*** The data Section Begins ***

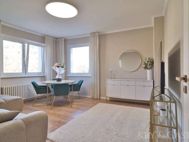 Diese äußerst elegante Wohnung erfreut mit einer exzellenten, 2022 umfassend und fachkundig ausgeführten Sanierung. Resultat ist ein sehr stilvolles Interieur, angefangen mit verspiegelten Türen, akz...
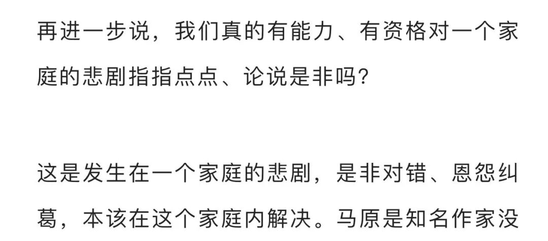马原老师的情况也许有所不同,但是这种辩护逻辑本身真的是极端荒谬。在一个家庭里,当强势者伤害弱势者的时候,你让他们“在家庭内解决”,请问弱势者怎么解决?如果《城堡里的马原》所述事实成立的话,马原不让儿子上学接触同龄人,让儿子带着一颗有问题的心脏住在高海拔的城堡里,请问他十来岁的儿子怎么去“在家庭内部解决”?
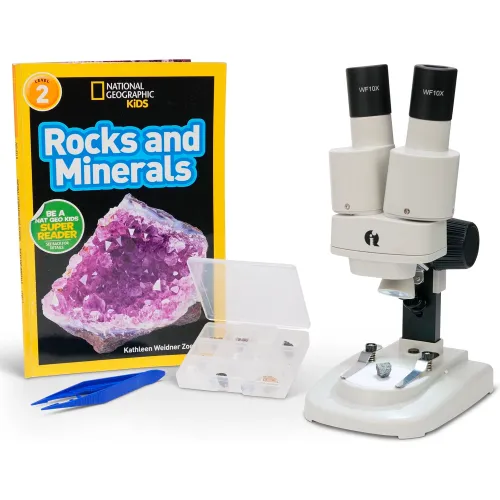 AmScope IQCrew 20x Portable LED Stereo Microscope, Mini Rock, Mineral Collection & Book Kit
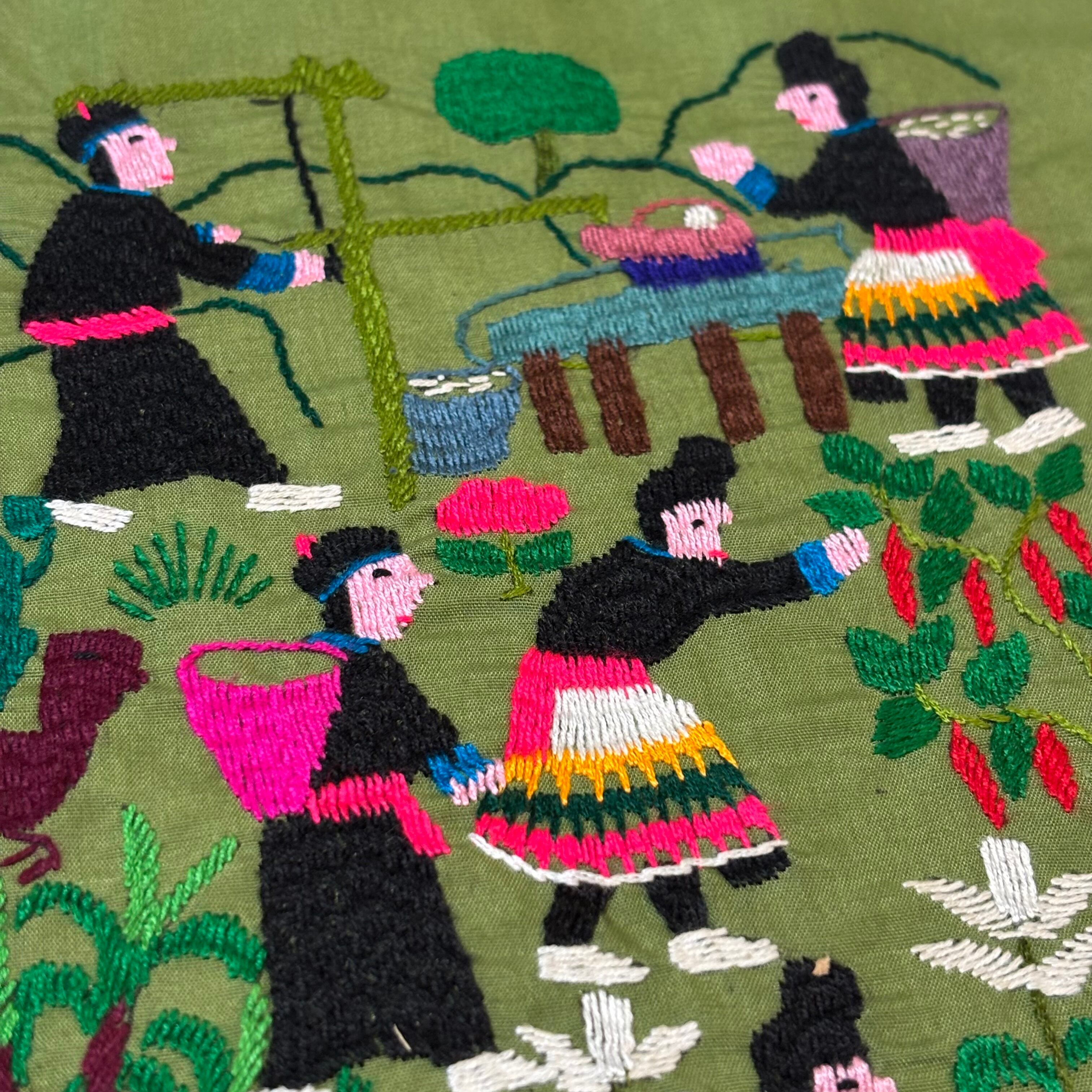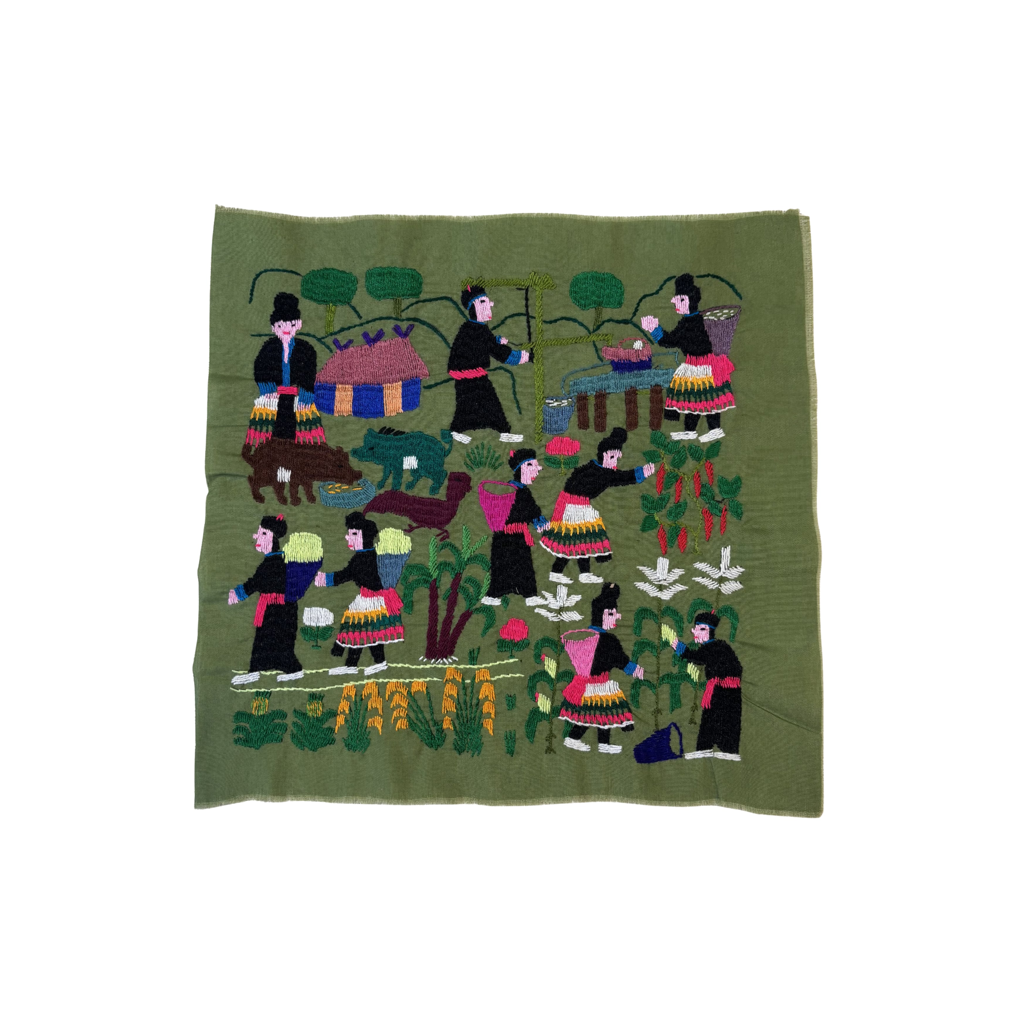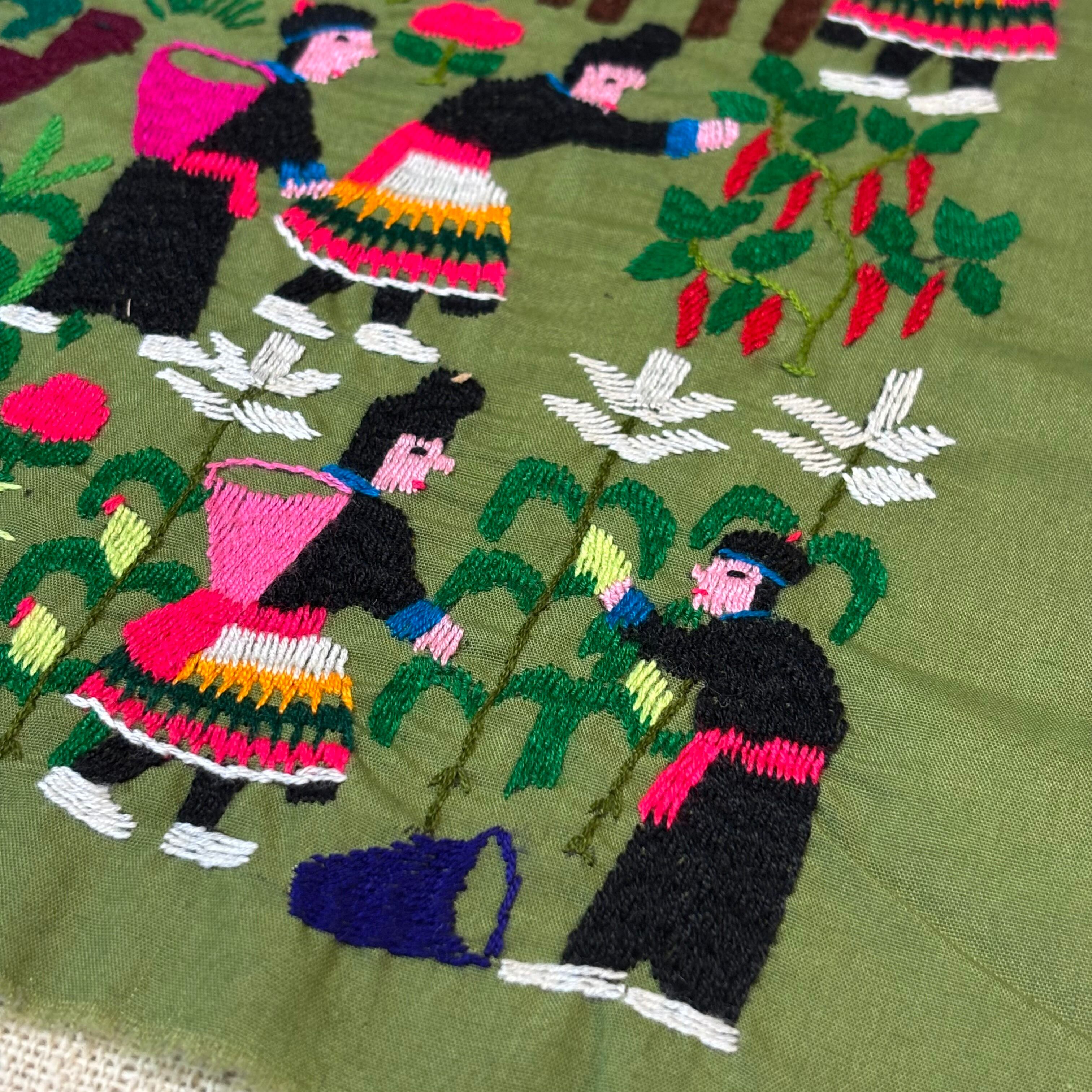 布いっぱいに広がる刺繍には、伝統的な暮らしの風景が素朴で温かみのある表情で描かれています。

*** The data Section Ends ***

- _Work item_: Copy nothing but the lines above from the one with "AmScope IQCrew 20x" through the end of the material, word for word, and drop the pictures.

- _Answer box_:
 AmScope IQCrew 20x Portable LED Stereo Microscope, Mini Rock, Mineral Collection & Book Kit
 布いっぱいに広がる刺繍には、伝統的な暮らしの風景が素朴で温かみのある表情で描かれています。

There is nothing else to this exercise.